Kosmiczny balet – czyli jaką rolę odgrywa muzyka w 2001: Odyseja kosmiczna

2001: Odyseja kosmiczna to film uznawany za przełomowy w gatunku science-fiction. Po pierwsze dzięki zdumiewającym efektom specjalnym, które nawet po upływie niemalże pięćdziesięciu lat wcale się nie zestarzały. Po drugie, za sposób narracji. Może się wydawać niemożliwe, aby w filmie fabularnym pierwsze kwestie dialogowe pojawiły się dopiero w 25 minucie filmu, a wszystkie dialogi mieszczą się w czasie 40 minut na 139 minut długości filmu. W końcu, po trzecie – zastosowanie muzyki, która staje się aktorem w filmie Kubricka.
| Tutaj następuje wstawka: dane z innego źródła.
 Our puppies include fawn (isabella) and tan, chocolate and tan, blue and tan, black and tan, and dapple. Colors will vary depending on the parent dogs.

Stanley Kubrick odpowiedzialny za reżyserię 2001: Odyseja kosmiczna uznawany jest za jednego z najlepszych reżyserów w dziejach. W swoim dorobku ma tak znane filmy jak Mechaniczna pomarańcza, Lśnienie, czy Oczy szeroko zamknięte. Martin Scorsese stwierdził, że każdy film Kubricka jest jak dziesięć filmów innych twórców. I rzeczywiście nie sposób nie zgodzić się ze słowami reżysera. Twórczość Kubricka jest ponadczasowa i można doszukać się w niej elementów kina współczesnego. Kubrick poza swoim wyjątkowym, wizjonerskim podejściem do filmu był również filozofem. Często w swoich dziełach rozprawiał na temat ludzkich słabości i kierunku w jakim ludzkość zmierza.
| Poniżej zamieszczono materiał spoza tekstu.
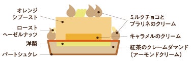 当ホテル人気の焼き菓子、キャラメルポワールをタルトにアレンジ。洋ナシ、キャラメルクリーム、オレンジシブーストを重ねてカラメリゼしました。甘さと香ばしさの余韻が楽しめます。
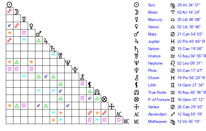 | Moon | 3 Aries 12 | 21 Libra 57 | 15 Aries 3 |
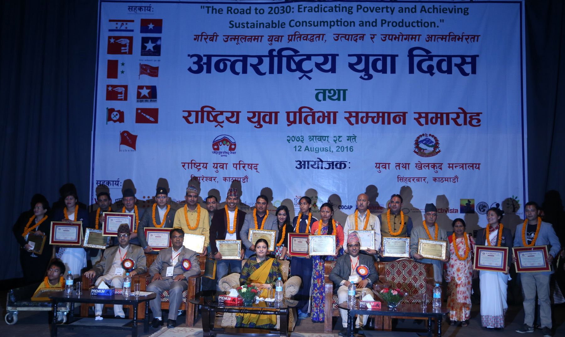 अन्तर्राष्ट्रिय युवा दिवसको सन्दर्भ पारेर राष्ट्रिय युवा परिषद्ले आयोजना गरेको कार्यक्रममा सम्मानित हुनेमा समाजसेवा क्षेत्रका लागि हास्य कलाकार जोडी सीताराम कट्टेल ‘धुर्मुस’ र कुञ्जना घिमिरे जोडीको धुर्मुस–सुन्तली फाउन्डेसन, व्यावसायिक कृषिबाट गुल्मीको पैँचो पसल प्रालि, वातावरण तथा सरसफाइका लागि खाँदबारी, सङ्खुवासभाका डा राजु अधिकारी छन् ।
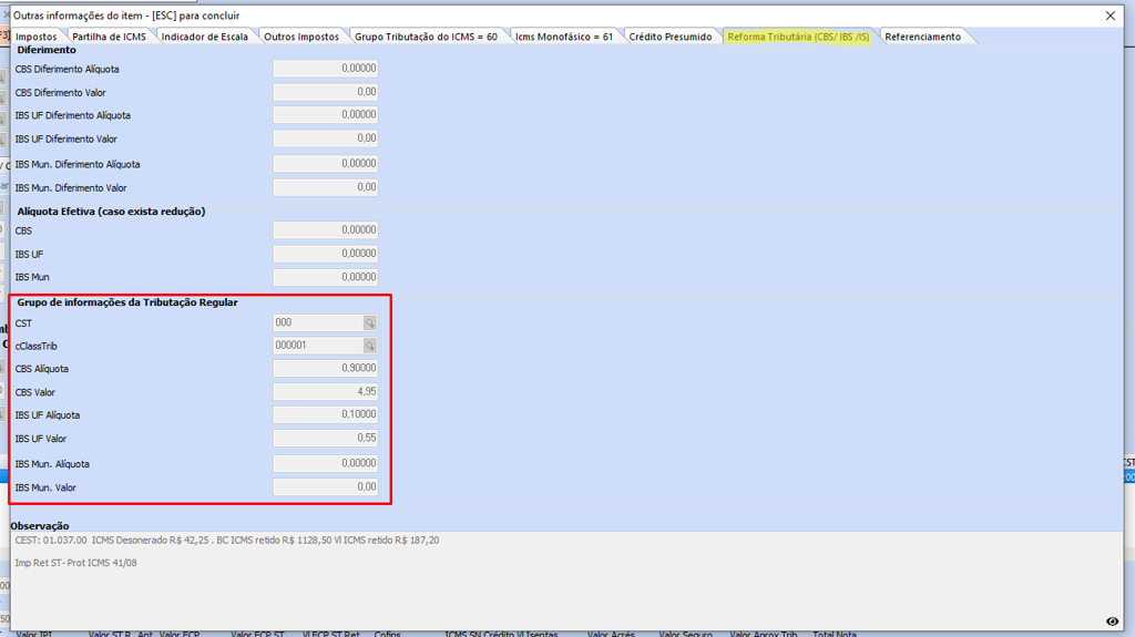 Dentro da aba de “Outras Info” do item, na parte da Reforma Tributária o grupo de “Grupo de informações da Tributação Regular” será preenchido automaticamente como padrão o CST 000 e cClassTrib 000001.
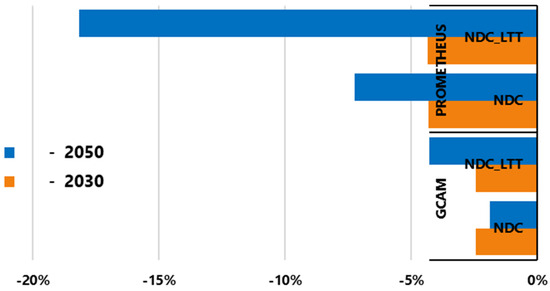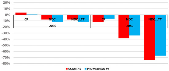 The carbon pricing mechanism plays a pivotal role in achieving large emission reductions by 2050 as it provides economic incentives to reduce emissions. At the time, several carbon pricing instruments exist that cover about 40 countries around the world. In all policy scenarios, PROMETHEUS and GCAM show increased carbon prices that drive reductions in global CO2 emissions, underscoring the crucial role of this mechanism in influencing emission reductions and accelerating investments to greener and more sustainable technology alternatives. In the CP scenario, the global average carbon price is projected to rise gradually in both models (from around USD 10 2015/tn CO2 in 2020 to USD 31 in 2050 in PROMETHEUS and further to USD 50 in GCAM), leading to a reduction in global CO2 emissions of 7% in PROMETHEUS and 12% in GCAM, indicating a limited impact on driving substantial changes in the global energy system. On the other hand, the implementation of NDC targets would lead to higher increases in the global average carbon price increasing to USD 55–80‘2015/tn CO2 in 2050 in PROMETHEUS and GCAM achieving a notable 34–39% reduction in emissions by 2050, showcasing the efficiency of climate policies and plans embedded in NDCs (Figure 3). The most pronounced results, though, are seen in the NDC_LTT scenario where the average carbon price increases to USD 125 in PROMETHEUS and USD 143 in GCAM by 2050 to achieve the national Long-Term Targets, resulting in an extensive reduction of 67–74% in global CO2 emissions in the period 2020 to 2050 and illustrating the effectiveness of the carbon pricing strategy. This economic incentive aligns with the broader goal of mitigating climate change by discouraging the use of carbon-intensive fuels and technologies, but it would be challenging to achieve net zero by 2050. The effectiveness of carbon pricing relies on being part of broader climate policies, with enhanced policy portfolios including a combination of market-based, regulatory, innovation, and informational policies, as analyzed in [29]. This includes regulations, standards, subsidies, incentives, and supportive measures. This has also been highlighted in the International Energy Agency’s scenario “Net Zero by 2050” [5], where regulatory policies are combined with carbon pricing to achieve deep decarbonization.
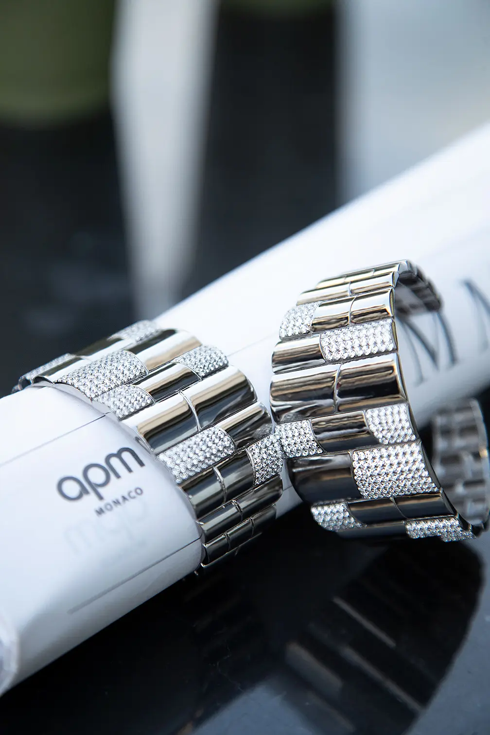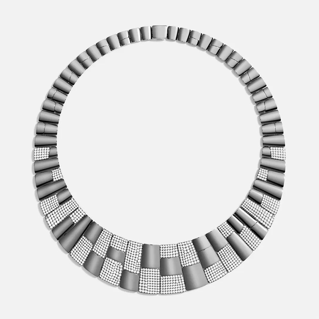Questa particolare lavorazione, realizzata interamente a mano negli atelier APM Monaco, crea un gioco di luci e ombre che dona profondità e movimento a ogni pezzo, rendendolo perfetto sia per occasioni formali che per l’uso quotidiano.

Czytaj również: W krótkim kinie #1

Jan Harlan, amerykański producent który współpracował z reżyserem, powiedział, że Kubricka interesowała – „nasza próżność i fakt że rządzi nami nie intelekt, ale emocje, a wszystko to razem często pakuje nas w nie lada kłopoty. Z tego powodu jest wielkim artystą, którego dzieła nie popadają w niepamięć, bo są wciąż aktualne”. Producent wspomina również o pesymizmie reżysera – „Uważał, że ludzkość igra na krawędzi zagłady. Ten pogodny człowiek czarno patrzył w przyszłość. Pytał: czy zdołamy się uratować? Ja nie wiem, ty mi powiedz”.

space odyssey
fot. kadr z filmu 2001: Odyseja kosmiczna

Wszystkie te rozważania reżyser zawarł w swoim największym dziele, jakim bez wątpienia jest 2001: Odyseja kosmiczna. Kubrick przygotowując się do stworzenia filmu w gatunku science-fiction, obejrzał dziesiątki filmów oraz przeczytał wiele opowiadań z gatunku. To przygotowało go do podjęcia zamierzonego tematu. Jako podstawę do swojego filmu wybrał niewielkie opowiadanie autorstwa Arthura C. Clarka pod tytułem The Sentiel. Tematem opowiadania był tajemniczy, kosmiczny byt, nadzorujący życie i rozwój ziemskiej cywilizacji. Stanley Kubrick zaprosił Clarka do współpracy nad scenariuszem przyszłego filmu. Zdjęcia trwały wyjątkowo długo, bo aż trzy lata. Żartowano nawet, że rok 2001 podany w tytule filmu, jest planowaną datą jego premiery.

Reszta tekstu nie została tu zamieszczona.